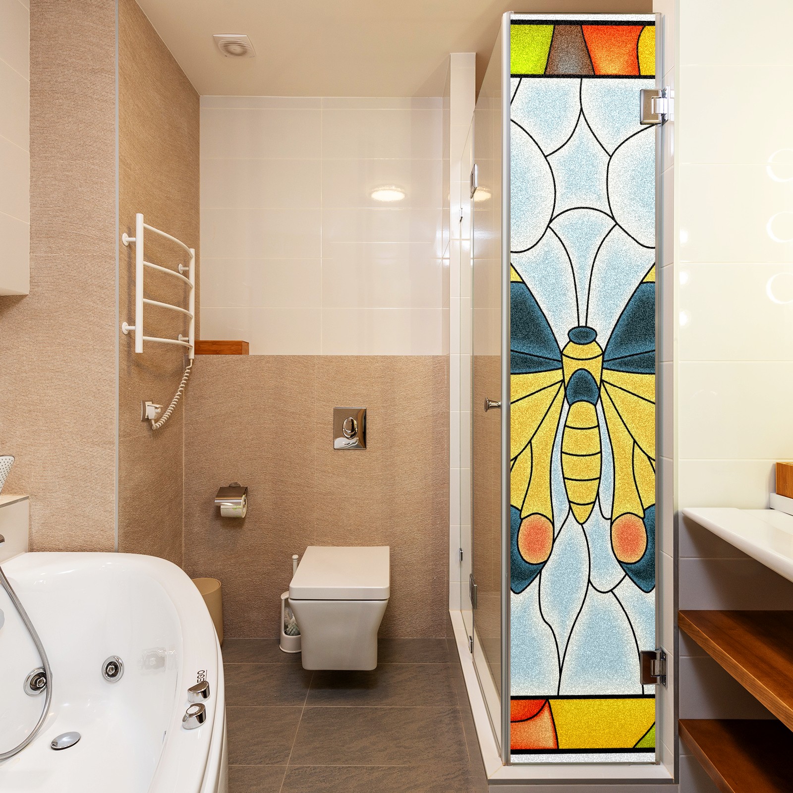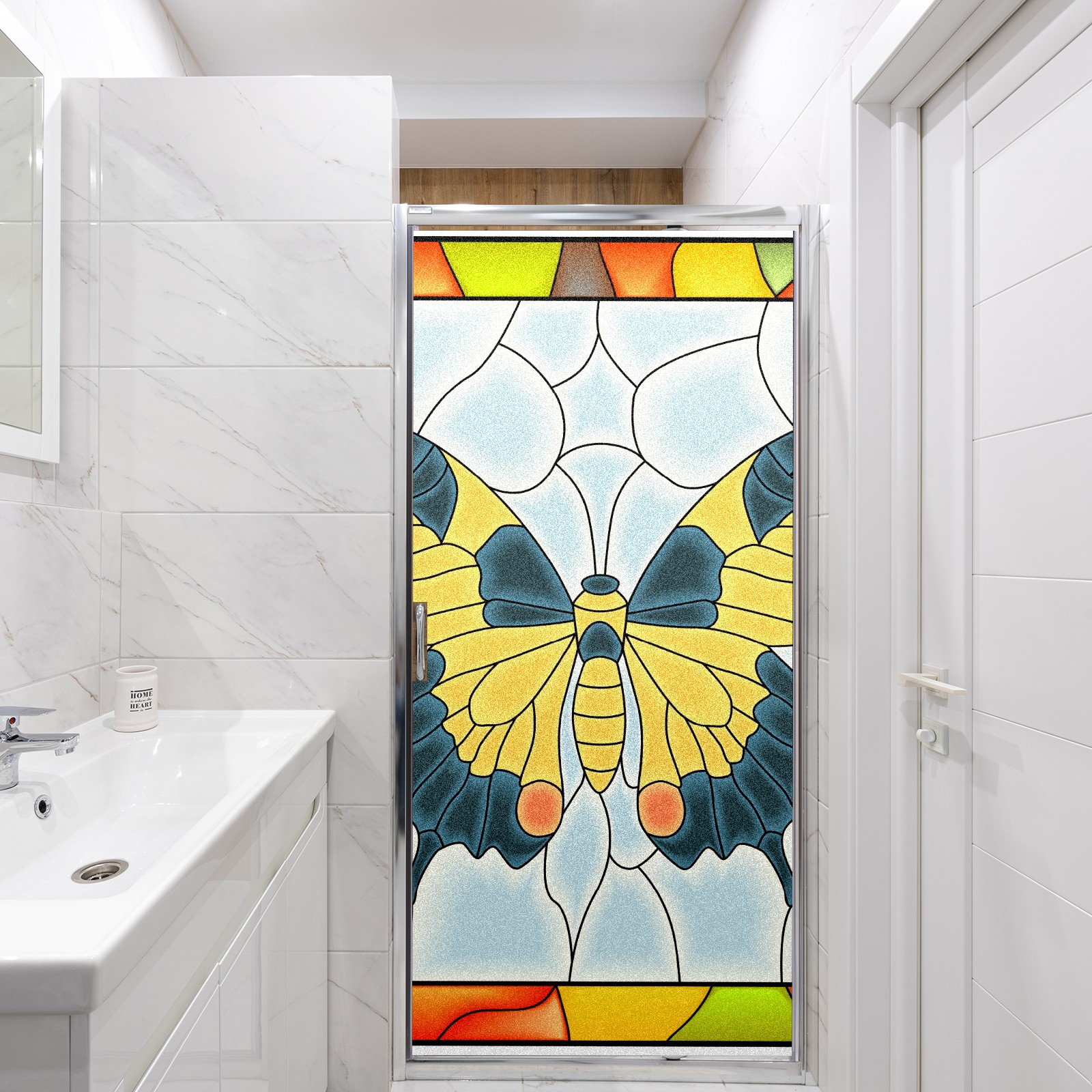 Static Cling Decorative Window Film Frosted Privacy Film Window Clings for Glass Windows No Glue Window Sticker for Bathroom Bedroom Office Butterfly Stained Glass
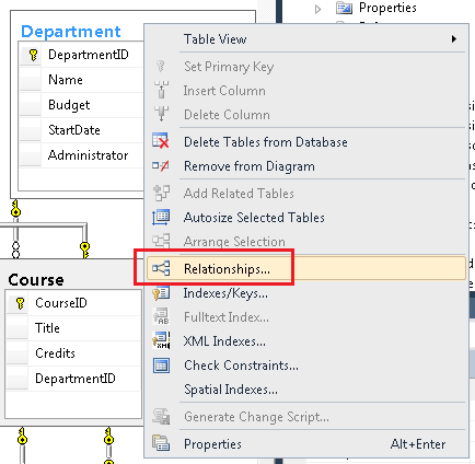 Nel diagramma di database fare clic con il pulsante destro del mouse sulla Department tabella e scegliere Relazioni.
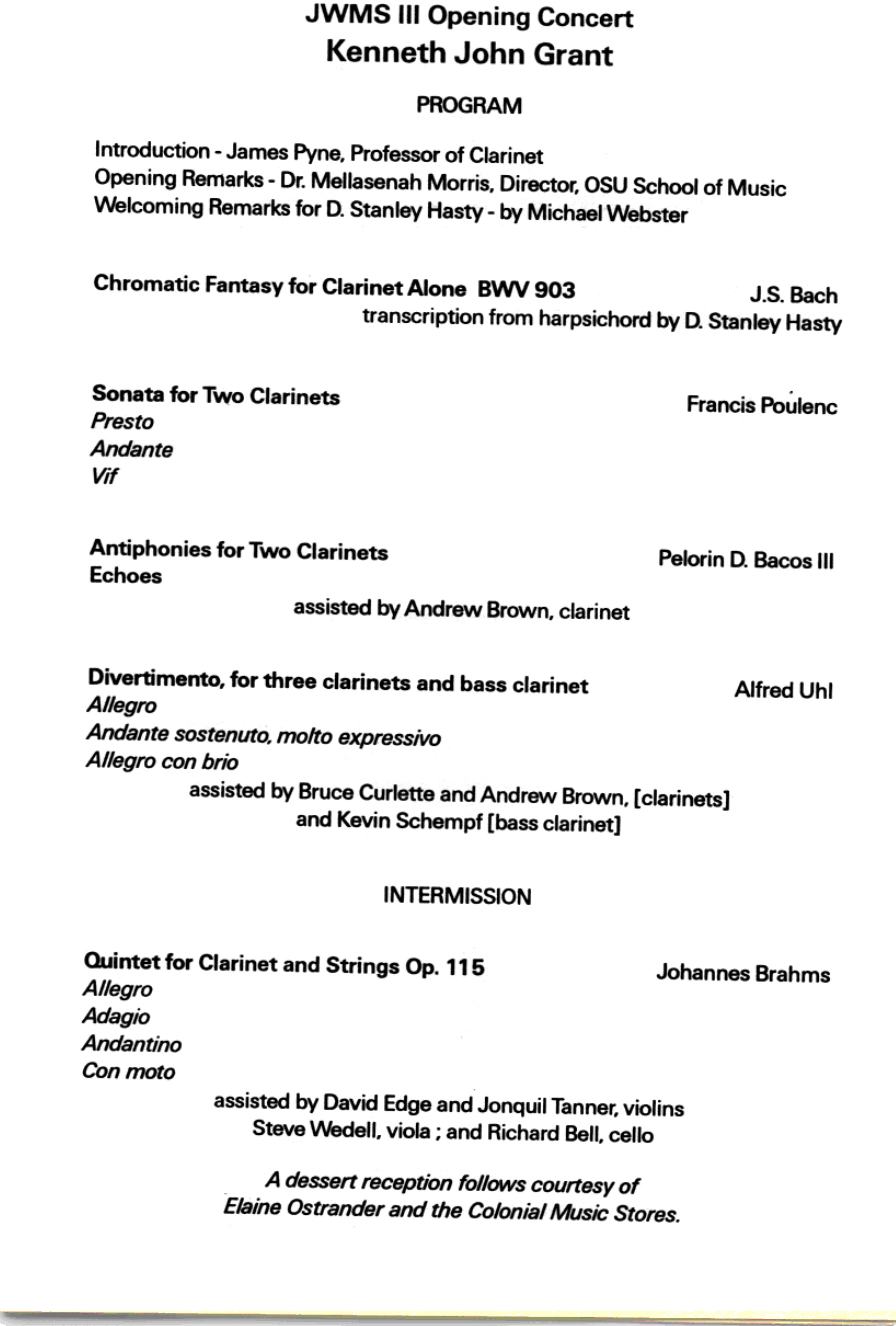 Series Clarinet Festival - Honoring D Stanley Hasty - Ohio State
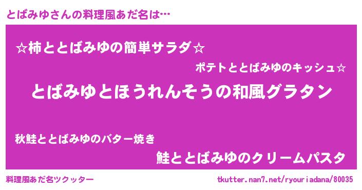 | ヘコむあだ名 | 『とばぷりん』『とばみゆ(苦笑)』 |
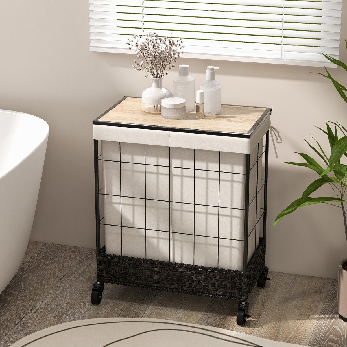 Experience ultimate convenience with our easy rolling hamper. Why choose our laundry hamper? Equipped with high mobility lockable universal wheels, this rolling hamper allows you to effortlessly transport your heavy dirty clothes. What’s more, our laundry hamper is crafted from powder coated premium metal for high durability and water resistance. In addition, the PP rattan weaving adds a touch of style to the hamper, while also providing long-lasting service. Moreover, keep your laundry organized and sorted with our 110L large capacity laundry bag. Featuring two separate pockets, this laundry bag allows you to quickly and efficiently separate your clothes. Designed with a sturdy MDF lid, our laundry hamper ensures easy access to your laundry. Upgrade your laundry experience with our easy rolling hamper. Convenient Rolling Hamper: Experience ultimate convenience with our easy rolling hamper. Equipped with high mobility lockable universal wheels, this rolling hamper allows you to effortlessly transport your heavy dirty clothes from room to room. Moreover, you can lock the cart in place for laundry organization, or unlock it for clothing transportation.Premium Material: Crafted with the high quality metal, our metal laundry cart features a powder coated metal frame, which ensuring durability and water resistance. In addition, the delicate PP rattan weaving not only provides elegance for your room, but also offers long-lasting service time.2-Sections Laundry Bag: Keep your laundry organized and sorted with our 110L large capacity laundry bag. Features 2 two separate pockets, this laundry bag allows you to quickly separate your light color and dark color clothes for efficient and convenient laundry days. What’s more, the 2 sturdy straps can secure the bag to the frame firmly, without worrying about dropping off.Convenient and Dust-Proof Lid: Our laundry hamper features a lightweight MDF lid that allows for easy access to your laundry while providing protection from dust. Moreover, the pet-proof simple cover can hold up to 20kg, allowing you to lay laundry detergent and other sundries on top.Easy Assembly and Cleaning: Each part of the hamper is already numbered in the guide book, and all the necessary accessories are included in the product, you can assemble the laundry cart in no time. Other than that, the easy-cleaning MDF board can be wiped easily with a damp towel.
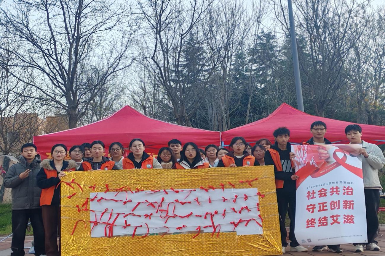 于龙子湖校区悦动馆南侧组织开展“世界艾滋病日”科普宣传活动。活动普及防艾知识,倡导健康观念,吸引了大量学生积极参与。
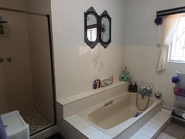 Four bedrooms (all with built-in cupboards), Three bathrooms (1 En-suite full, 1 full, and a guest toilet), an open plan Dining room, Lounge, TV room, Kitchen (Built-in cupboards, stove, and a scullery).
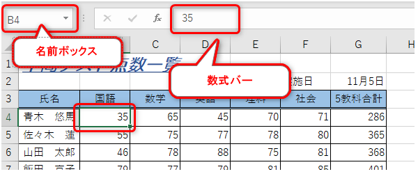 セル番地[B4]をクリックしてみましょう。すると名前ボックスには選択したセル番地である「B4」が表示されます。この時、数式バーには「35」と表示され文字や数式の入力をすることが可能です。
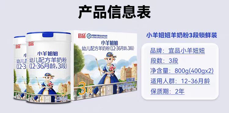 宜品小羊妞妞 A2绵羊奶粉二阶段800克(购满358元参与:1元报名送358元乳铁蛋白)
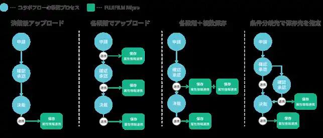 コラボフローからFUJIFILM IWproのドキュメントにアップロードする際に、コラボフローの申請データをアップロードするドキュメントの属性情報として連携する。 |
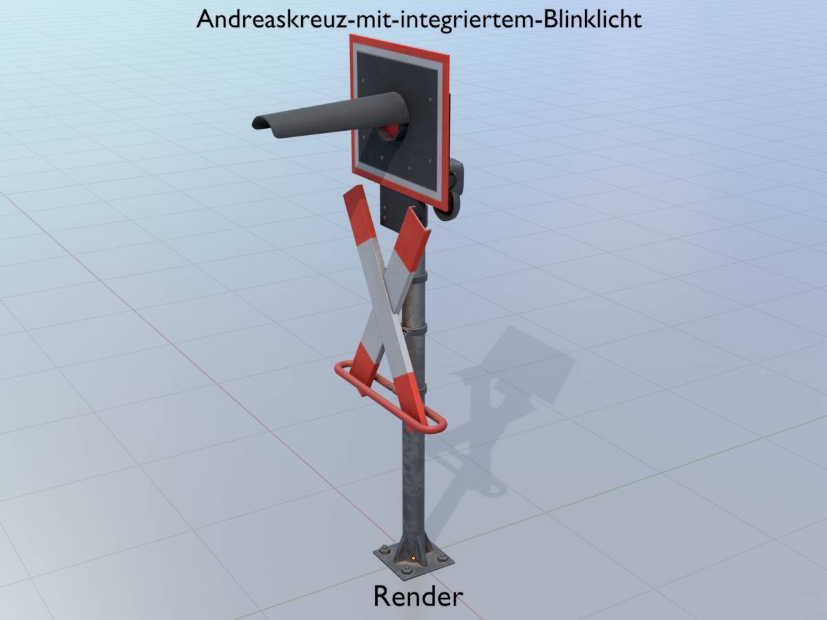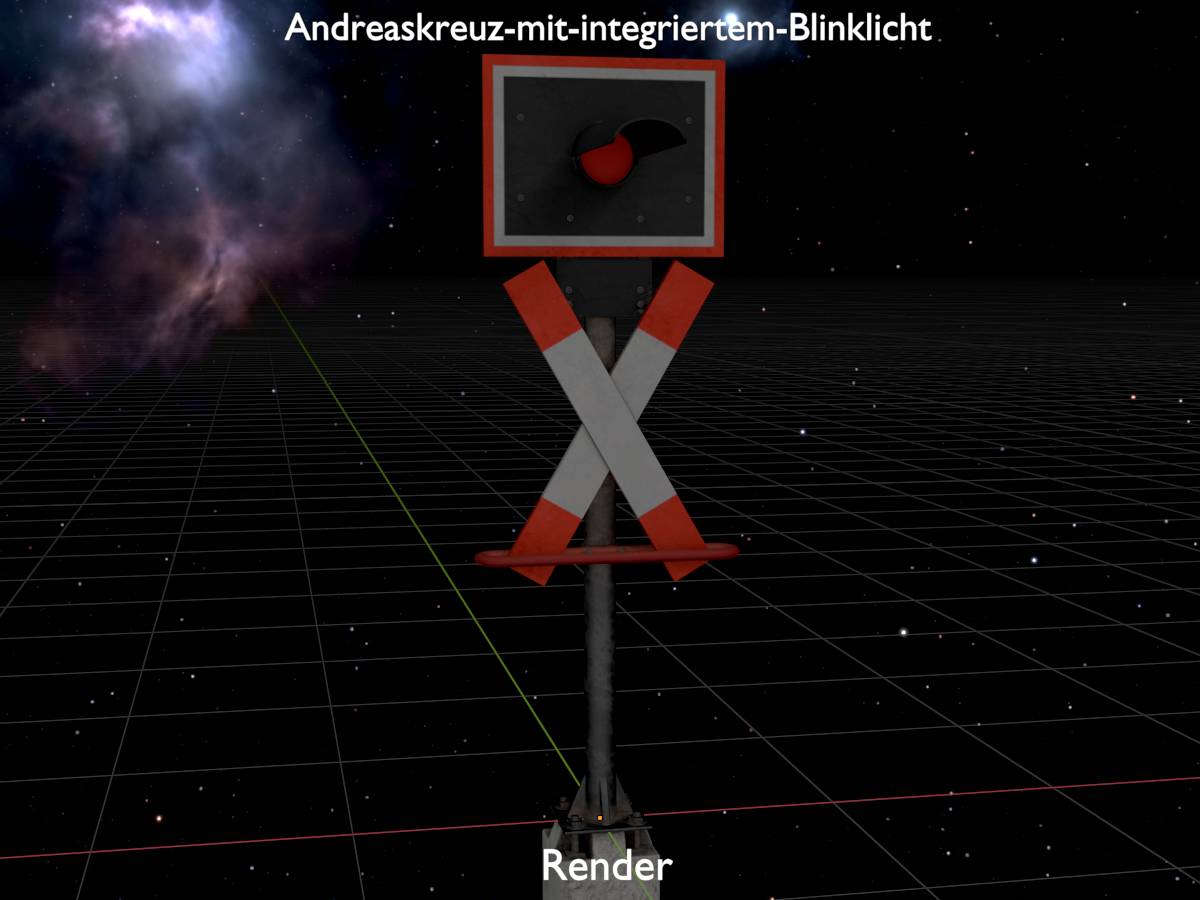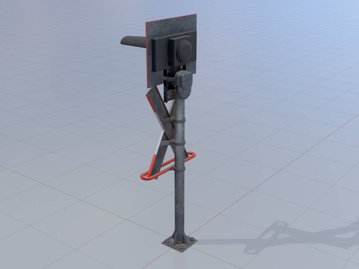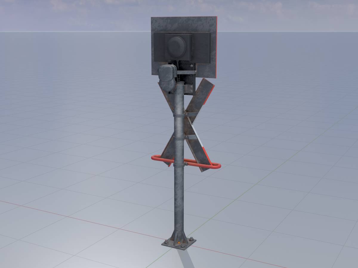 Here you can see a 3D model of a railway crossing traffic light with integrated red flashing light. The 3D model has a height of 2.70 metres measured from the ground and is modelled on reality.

==================================================

Requirement:
Give back the material above exactly as written, but omit the images.

The answer:
 Static Cling Decorative Window Film Frosted Privacy Film Window Clings for Glass Windows No Glue Window Sticker for Bathroom Bedroom Office Butterfly Stained Glass
 Nel diagramma di database fare clic con il pulsante destro del mouse sulla Department tabella e scegliere Relazioni.
 Series Clarinet Festival - Honoring D Stanley Hasty - Ohio State
 | ヘコむあだ名 | 『とばぷりん』『とばみゆ(苦笑)』 |
 Experience ultimate convenience with our easy rolling hamper. Why choose our laundry hamper? Equipped with high mobility lockable universal wheels, this rolling hamper allows you to effortlessly transport your heavy dirty clothes. What’s more, our laundry hamper is crafted from powder coated premium metal for high durability and water resistance. In addition, the PP rattan weaving adds a touch of style to the hamper, while also providing long-lasting service. Moreover, keep your laundry organized and sorted with our 110L large capacity laundry bag. Featuring two separate pockets, this laundry bag allows you to quickly and efficiently separate your clothes. Designed with a sturdy MDF lid, our laundry hamper ensures easy access to your laundry. Upgrade your laundry experience with our easy rolling hamper. Convenient Rolling Hamper: Experience ultimate convenience with our easy rolling hamper. Equipped with high mobility lockable universal wheels, this rolling hamper allows you to effortlessly transport your heavy dirty clothes from room to room. Moreover, you can lock the cart in place for laundry organization, or unlock it for clothing transportation.Premium Material: Crafted with the high quality metal, our metal laundry cart features a powder coated metal frame, which ensuring durability and water resistance. In addition, the delicate PP rattan weaving not only provides elegance for your room, but also offers long-lasting service time.2-Sections Laundry Bag: Keep your laundry organized and sorted with our 110L large capacity laundry bag. Features 2 two separate pockets, this laundry bag allows you to quickly separate your light color and dark color clothes for efficient and convenient laundry days. What’s more, the 2 sturdy straps can secure the bag to the frame firmly, without worrying about dropping off.Convenient and Dust-Proof Lid: Our laundry hamper features a lightweight MDF lid that allows for easy access to your laundry while providing protection from dust. Moreover, the pet-proof simple cover can hold up to 20kg, allowing you to lay laundry detergent and other sundries on top.Easy Assembly and Cleaning: Each part of the hamper is already numbered in the guide book, and all the necessary accessories are included in the product, you can assemble the laundry cart in no time. Other than that, the easy-cleaning MDF board can be wiped easily with a damp towel.
 于龙子湖校区悦动馆南侧组织开展“世界艾滋病日”科普宣传活动。活动普及防艾知识,倡导健康观念,吸引了大量学生积极参与。
 Four bedrooms (all with built-in cupboards), Three bathrooms (1 En-suite full, 1 full, and a guest toilet), an open plan Dining room, Lounge, TV room, Kitchen (Built-in cupboards, stove, and a scullery).
 セル番地[B4]をクリックしてみましょう。すると名前ボックスには選択したセル番地である「B4」が表示されます。この時、数式バーには「35」と表示され文字や数式の入力をすることが可能です。
 宜品小羊妞妞 A2绵羊奶粉二阶段800克(购满358元参与:1元报名送358元乳铁蛋白)
 コラボフローからFUJIFILM IWproのドキュメントにアップロードする際に、コラボフローの申請データをアップロードするドキュメントの属性情報として連携する。 |
 Here you can see a 3D model of a railway crossing traffic light with integrated red flashing light. The 3D model has a height of 2.70 metres measured from the ground and is modelled on reality.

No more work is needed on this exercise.